# Just tried zero VOC primer



## Sunnygirl (Nov 16, 2011)

I have a job that has no ventilation and requires a lot of priming. I've used Zinsser Bullseye 123 almost exclusively for years. It is a very good primer.

On this job I wanted zero VOCs if possible, so asked at the big box and they sold me Kilz Clean Start. I expected it to be junk (because it's zero VOCs), but was actually quite impressed with it. It goes on very smoothly (I'm brushing, not spraying), smoother than what I'm used to, and isn't prone to drips. It dried very quickly, and was able to paint over it and finish one area very quickly. It's very low odor, but of course the biggie is the low VOCs. If you work with this stuff a lot, that's pretty important.

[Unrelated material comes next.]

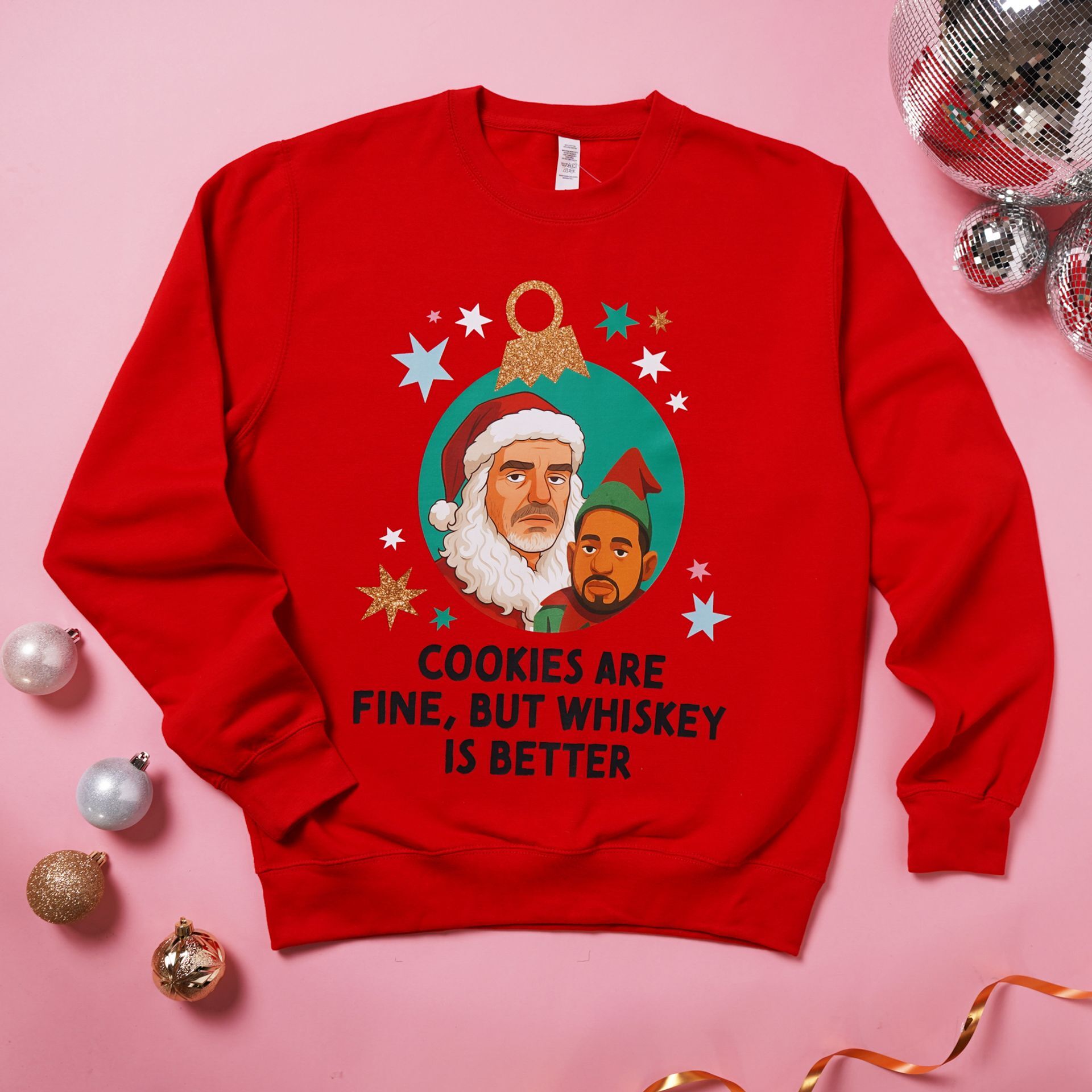 A vibrant red Christmas sweater, it features a bold graphic of Santa Claus and the phrase "Cookies are fine, but whiskey is better". The soft knit texture ensures comfort and warmth throughout the season.

I haven't looked up the specs on it yet. The nice thing about Bullseye is that it's rated for almost any surface (not rated for floors, though), so you pretty much know you're covered in almost any situation, even exterior. Nice, consistent results. I don't know about the Kilz yet, but preliminary results are good. It sure stuck to my hands…. still trying to get it off, which is the same as Bullseye, so that's a good indication (hate trying to get primer off, though).

I just wanted to let others know. I almost didn't try the zero VOC stuff, but am glad I did. Being safe is a good thing. )


----------



## patron (Apr 2, 2009)

thanks for the info

how is it to sand

and is it for paint only
or can it go under other finishes too


----------



## Sunnygirl (Nov 16, 2011)

I only had to sand it a tiny bit, so didn't give it a good test. Haven't read up on the applications. Will do that soon. As far as I'm aware, it's only for under paint.


----------



## mrpedaling (Jun 14, 2011)

We did use some kilz, but it was the non low voc and definitely didn't apply or work as nice as the smart prime. Fwiw, I've had real good luck with smart prime. Not cheap (30/gal?), but zero voc and low odor. Excellent coverage and blocking. Dries super fast too. Says 1hr to recoat, 30m dry to touch. Usually less that that. Sands great. Been using it under some benjamin moore super spec hp oil, and things are going well.

Totally anecdotal, but I was trying to say- yeah, low voc can be just as good. 
. I'll give that no voc kilz a shot when i run out


----------